41st District Attorney of Los Angeles County
- In office December 4, 2000 – December 3, 2012
- Preceded by: Gil Garcetti
- Succeeded by: Jackie Lacey

Personal details
- Born: Stephen Lawrence Cooley May 1, 1947 (age 79) Los Angeles, California, U.S.
- Party: Republican
- Spouse: Jana Cooley ​(m. 1975)​
- Children: 2
- Education: California State University, Los Angeles USC Gould School of Law
- Occupation: Criminal prosecutor
- Website: www.stevecooley.com

= Steve Cooley =

American politician and prosecutor

Stephen Lawrence Cooley (born May 1, 1947) is an American politician and prosecutor. He was the Los Angeles County District Attorney from 2000 to 2012. Cooley was re-elected in 2004 and again in 2008.

In 2010, Cooley won the Republican nomination for California Attorney General against John C. Eastman and Tom Harman in the June 8 primary election. During the general election campaign, Cooley said he would defend Proposition 8, a 2008 ballot measure that banned same-sex marriages in California but was then being appealed in the federal courts. Cooley lost to the Democratic nominee, then-San Francisco District Attorney and future U.S. Senator and Vice President Kamala Harris in the November 2 general election, a close race, the results of which were not finalized until November 24, 2010.

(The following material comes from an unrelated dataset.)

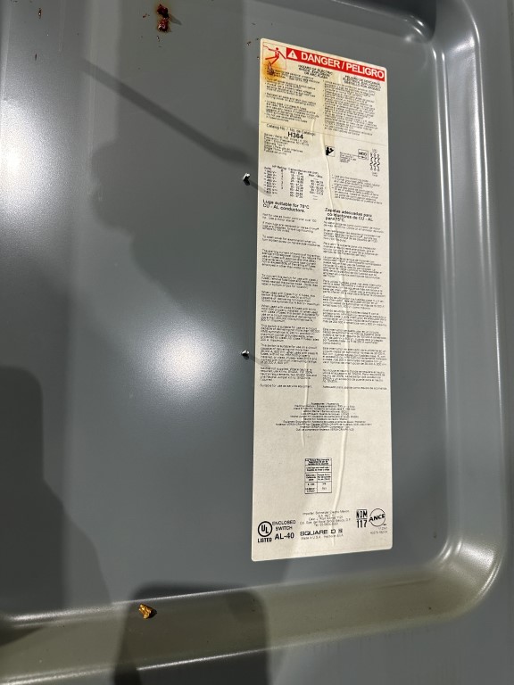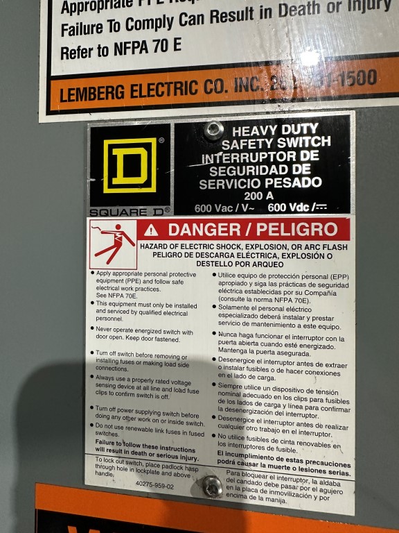 SQUARE D H364 200AMP FUSIBLE DISCONNECT W/FUS EQUIPPED WITH:

==Early life and education==
The second of five children, Cooley was born at St. Vincent's Hospital (now St. Vincent's Medical Center) in Los Angeles. His father was an FBI agent and his mother a homemaker. Cooley attended Pater Noster High School in Los Angeles. At California State University, Los Angeles, Cooley served two terms as student body president and was selected for membership in Phi Kappa Phi. He was also a member of Zeta Beta Tau fraternity.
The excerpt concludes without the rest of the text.